Прослышал о диве губернатор. Барин, он важный, богатый, за версту к себе мужиков-то не допускал. Тут в нашей губернии его сам царь посадил и велел править так, чтобы народу-то продыху не было.

Вот, значит, присылает губернатор к Санку гонцов, велит отдать кувшин, а за то сулит ему сто рублей. Этот-де диво-кувшин в царский дворец предоставим и всяких там французов удивлять будем.

Понятно, Санко деньги не принял и кувшин не отдал:

— Не для царя, не для буржуев старался. Без даровых рублей мы, мужики, веки-веков живем!

За такие вольные речи приказал губернатор Санка в кандалы заковать и в Сибирь на рудник отправить, а кувшин силой отнять.

И пропал бы, наверно, мастер, да наши же деревенские мужики успели губернаторских стражников опередить:

— Уходи, Санко, пока не поздно!

Он в ту же пору и скрылся. Унес с собой свой диво-кувшин, да и Стешку увел.

Два дня перебыли они в лесу, как раз подле того утеса, где Санко прежде Полуночницу видел. Не мог он решить, куда же все-таки дальше податься.

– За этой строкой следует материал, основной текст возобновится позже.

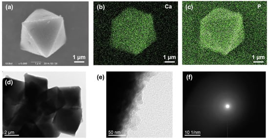 Scanning electron microscopy (SEM) revealed the well-defined regular octahedron shape of UiO68CCG-Na@CP with ~5 μm side length after deposition of calcium phosphate (Figure 2a). Energy dispersive X-ray spectrometry (EDX) analysis showed the presence of Ca and P atoms in the whole area of the particle of UiO68CCG-Na@CP (Figure 2b,c). The deposited calcium phosphate mainly existed at the vicinity of particle’s surface, shown by line analysis of EDX (Figure S2a). The abundant carboxylate groups inside CCG-Na effectively prevented the penetration of phosphate anion to the core of CCG-Na, while cationic Ca2+ would be distributed in the whole range of the particle (Figure S2). Transmission electron microscopy (TEM) also confirmed the regular octahedron shape of the particle and the deposition of calcium phosphate on the surface (Figure 2d,e). No distinct patterns were observed in selected area electron diffraction (SAED) analyses, indicating the amorphous nature of the deposited calcium phosphate (Figure 2f).

А потом уж Стешка его надоумила: давай, дескать, кувшин этот на утесе спрячем, все равно его на виду-то не сохранить, дознается губернатор, ну, а сами у заводчан поселимся, другое дело найдем, покуда неволя не кончится.

Так и уговорились. Поднялись они оба на утес, разыскали там выступ над самым обрывом, выдолбили пещеру и туда, в пещеру-то, диво-кувшин замуровали.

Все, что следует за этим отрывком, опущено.